Please write out only the lines from the line with "為防止雨水進入廠房,破壞廠房" to the line with "국민건강보험공단(이사장 성상철)이 2010년부터", inclusive, exactly as they stand below, without the pictures.
+ + +
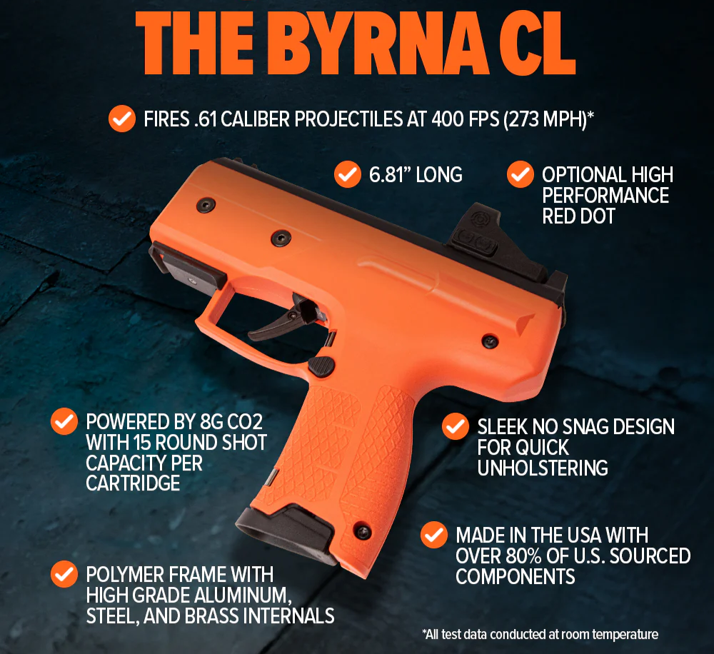 The Templar Byrna CL is our most compact less-lethal pistol. This kit contains no chemical projectiles and is legal in all states in the US. The Templar Byrna CL (Compact Launcher) is the most compact less-lethal launcher in the world. The entire platform has been reimagined for maximum concealability and stopping power. Powered by compressed air (CO2), the Templar Byrna CL shoots .61 caliber round kinetic and/or chemical irritant projectiles that can disable a threat from up to 60-feet away. The TemplarByrna CL is not classified as a firearm, therefore does not require a permit or background check to own. Must be 18 or older to purchase.
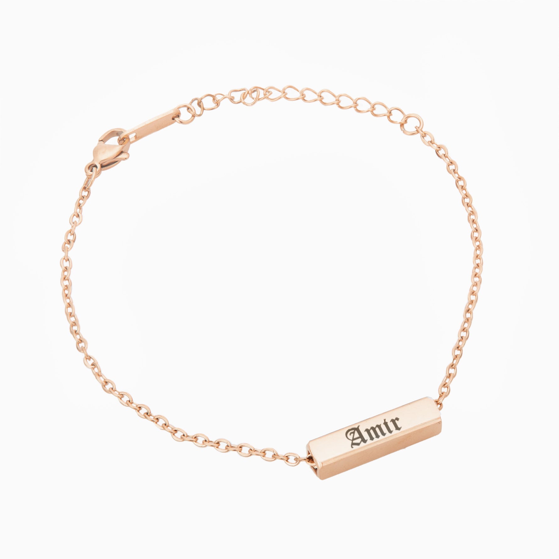 Immortalize the name of your beloved, commemorate a milestone date, or inscribe an uplifting message to craft a truly unique and intimate accessory. The choice of elegant Gothic lettering on the bar-shaped pendant infuses this piece with an air of elegance and distinction.
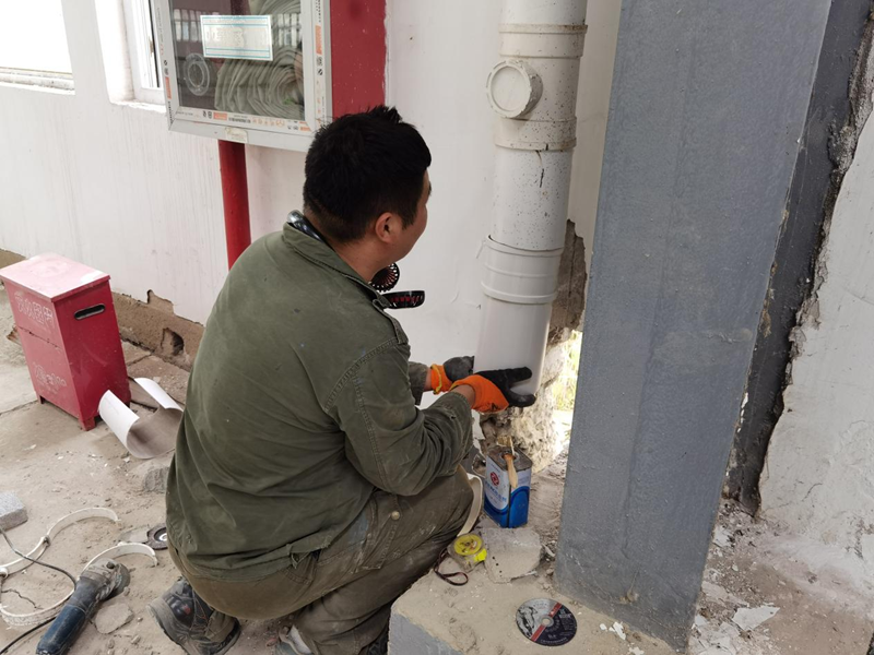 為防止雨水進入廠房,破壞廠房基礎(chǔ)結(jié)構(gòu),翔立分公司搶時間,公司職工立即行動起來對海州灣公司三號廠房排水管道急需改造。在排水管道的位置打破墻壁,鉆好孔洞,然后他們將原有不合理的管道進行切割,再用膠水黏合好角度向外的接頭,確保雨水能夠全部排到廠房外,保障了投資公司的財產(chǎn)安全不受到天然災(zāi)害的損失。
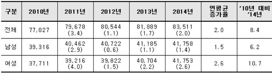 국민건강보험공단(이사장 성상철)이 2010년부터 2014년까지'뇌출혈'의 건강보험환자 진료비 지급자료를 분석한 결과,‘뇌출혈’ 진료인원은 2010년 7만 7,027명에서 연평균 2.0%씩 증가하여 2014년 8만 3,511명인 것으로 나타났다.
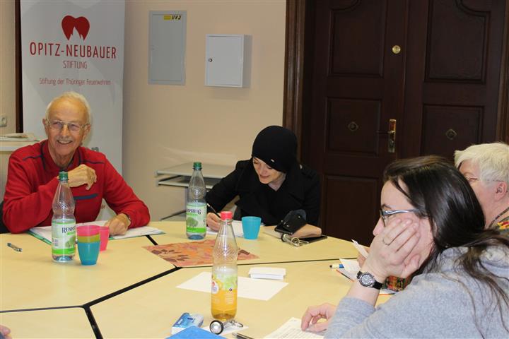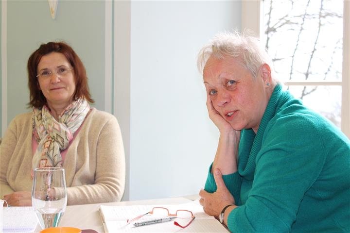 | In bewährter Weise wirkten für die Lyrikgruppe (Bilder links und rechts) Nancy Hünger als Seminarleiterin und für die Prosagruppe (Bilder nächste Zeile) André Schinkel als Seminarleiter, die zugleich als Anreger, Kritiker und Lektoren agierten. Unter Leitung von Ulrike Blechschmidt gelangen auch der Jugendgruppe mit diesmal sechs jungen Teilnehmerinnen tolle Schreibergebnisse. Die 2017er Schreibwerkstatt stand unter dem Motto "Hurra, 17!", was zu Zahlenspielen und historischen Ausflügen Anlass gab. |  | |
+ + +
## Response area
 為防止雨水進入廠房,破壞廠房基礎(chǔ)結(jié)構(gòu),翔立分公司搶時間,公司職工立即行動起來對海州灣公司三號廠房排水管道急需改造。在排水管道的位置打破墻壁,鉆好孔洞,然后他們將原有不合理的管道進行切割,再用膠水黏合好角度向外的接頭,確保雨水能夠全部排到廠房外,保障了投資公司的財產(chǎn)安全不受到天然災(zāi)害的損失。
 국민건강보험공단(이사장 성상철)이 2010년부터 2014년까지'뇌출혈'의 건강보험환자 진료비 지급자료를 분석한 결과,‘뇌출혈’ 진료인원은 2010년 7만 7,027명에서 연평균 2.0%씩 증가하여 2014년 8만 3,511명인 것으로 나타났다.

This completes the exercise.